Re: print all files is soo slow! Why? (stat, ntfs, links)
by tye (Sage) on Jul 27, 2016 at 12:10 UTC

    I suspect that the slowness is largely due to the fact that the Perl code can't resist doing a stat on each file found and Perl's emulation of stat(2) on Windows does extra work to ask for the count of "links" that exist to that file. Unfortunately, ntfs supports hard links in some way such that the number of hard links is not efficiently cached as in a Unix inode and so the code to look up the link count sometimes does things that can take significantly longer than would be taken by only use of FindNextFile. See p5git://win32/win32.c.:

    if (!w32_sloppystat) { /* We must open & close the file once; otherwise file attribut +e changes */ /* might not yet have propagated to "other" hard links of the +same file. */ /* This also gives us an opportunity to determine the number o +f links. */ HANDLE handle = CreateFileA(path, 0, 0, NULL, OPEN_EXISTING, 0 +, NULL); if (handle != INVALID_HANDLE_VALUE) { BY_HANDLE_FILE_INFORMATION bhi; if (GetFileInformationByHandle(handle, &bhi)) nlink = bhi.nNumberOfLinks; CloseHandle(handle); }

    It is my experience that the time taken by that code can be fairly short but sometimes is pronounced (and seems to at least nearly lock up much of Windows and so feels like some kind of interlock that also involves networking calls). Though I have yet to find technical details about what is going on.

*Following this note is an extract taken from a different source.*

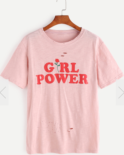 GIRL POWER!! I absolutely love this t-shirt not only because of it’s appropriate message, but for it’s cuteness that is combined with delicate tears all over. I consider this t-shirt a WIN, too. The material is polyester but it’s not too itchy. The shirt also looks exactly like the picture, so I appreciate that factor when ordering online!

    It is too bad that one can't easily arrange for w32_sloppystat to be true for the many cases when one would like stat to be fast at the expense of things that very often won't matter much to Win32 uses of Perl code.

    #ifdef PERL_IS_MINIPERL w32_sloppystat = TRUE; #else w32_sloppystat = FALSE; #endif

    It would quite nice if that unconditional FALSE were instead a lookup of some environment variable, like PERL_WIN32_SLOPPY_STAT. (Update: Or does ${^WIN32_SLOPPY_STAT­} = 1; still work for that?)

    Though, it is possible to get Perl to quickly iterate over file names in Win32 by avoiding readdir and instead calling FindFirstFile and FindNextFile more directly. There is even such code hidden deep in the archives of this very website. I'll probably eventually succeed in finding it at which point I'll post a pointer to such.

    Update: Re: Threads slurping a directory and processing before conclusion looks useful (or at least interesting). It hints that one can get sloppy stat via some special Perl variable. I have not yet looked into whether that is still true. Re: Quickest way to get a list of all folders in a directory says similar things and fills in one more detail. Re^3: Win32api::File and Directories offers some code that might be another good route.